Each protocol exposes the same interface: a run_protocol() function that takes a model and task list, runs its metrics and calibrations, and returns a ProtocolResult containing scored measurements with metadata. The measurements feed into the standard criteria-scoring pipeline.
Protocol families
Section titled “Protocol families”Protocols are organized by evidence family.

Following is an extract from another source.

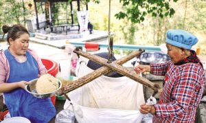 在村里修復(fù)舊屋的趙貢彩接到游客電話,馬不停蹄地趕回家中,自家手工制作的苕粉成了游客心心念念的香餑餑。拿出早已生銹的秤桿,一袋袋苕粉被游客搶著購買?!岸际橇糁约页缘模南胫苜u出去喲。”笑著說罷,趙貢彩拿出手機,微信一掃,錢款立即到賬。

The naming convention uses letter prefixes (A = causal, B = structural, etc.) matching the metric families.
Causal protocols (A01–A13)
Section titled “Causal protocols (A01–A13)”These target internal validity criteria (I1–I5) by running causal metrics through specific theoretical frameworks.
| Protocol | Question | Metrics used | Criteria strengthened |
|---|---|---|---|
| A01 Pearl SCM | Is the circuit a valid structural causal model? | logit_diff, role_ablation, activation_patching, causal_scrubbing | I1 Necessity, I2 Sufficiency |
| A02 Counterfactual DAS | Does counterfactual intervention on the circuit’s subspace change behavior as predicted? | das_iia, misalignment, cross_task_transfer | I3 Specificity |
| A03 Rubin CATE | What is the average treatment effect of the circuit, with proper potential-outcomes framing? | activation_patching, effect_size, sigma_ablation | I1 Necessity, E4 Effect magnitude |
| A04 Woodward | Does the circuit satisfy invariant difference-making under intervention? | activation_patching, causal_scrubbing, path_patching | I1 Necessity, I4 Consistency |
| A05 MDC/Glennan | Does the circuit qualify as a mechanism under the mechanistic decomposition criteria? | role_ablation, path_patching, cross_task_transfer | I2 Sufficiency, V3 Narrative coherence |
| A06 Mediation | What fraction of the total effect flows through the circuit (direct vs indirect)? | mediation, path_patching, effect_size | I3 Specificity |
| A07 Granger/TE | Does past circuit activity predict future behavior beyond what other components predict? | granger_causality, transfer_entropy, pid | I1 Necessity, C5 Convergent validity |
| A08 PID | How is information about the task variable decomposed across circuit components? | pid, mutual_information, conditional_mi | I3 Specificity, C5 Convergent validity |
| A09 MDL/SLT | Does the circuit provide a minimal-description-length explanation of the behavior? | mdl, llc, effect_size | C4 Minimality |
| A10 Regularity/INUS | Is the circuit an INUS condition — insufficient but necessary part of an unnecessary but sufficient set? | activation_patching, sigma_ablation, effect_size | I1 Necessity, C4 Minimality |
| A11 Actual Cause | Does the circuit meet Halpern-Pearl’s definition of actual causation (not just but-for)? | activation_patching, causal_scrubbing, path_patching | I1 Necessity, I5 Confound control |
| A12 Transportability | Does the causal effect transport across domains (prompts, models, tasks)? | cross_task_transfer, cross_model_invariance, generalization_gap | E5 Robustness, E6 Cross-architecture |
| A13 Causal Discovery | Can the circuit’s causal graph be recovered from observational + interventional data? | notears, granger_causality, pid | I4 Consistency, C5 Convergent validity |
Structural protocols (B01–B04)
Section titled “Structural protocols (B01–B04)”These target construct and measurement criteria by analyzing weight-space properties without forward passes.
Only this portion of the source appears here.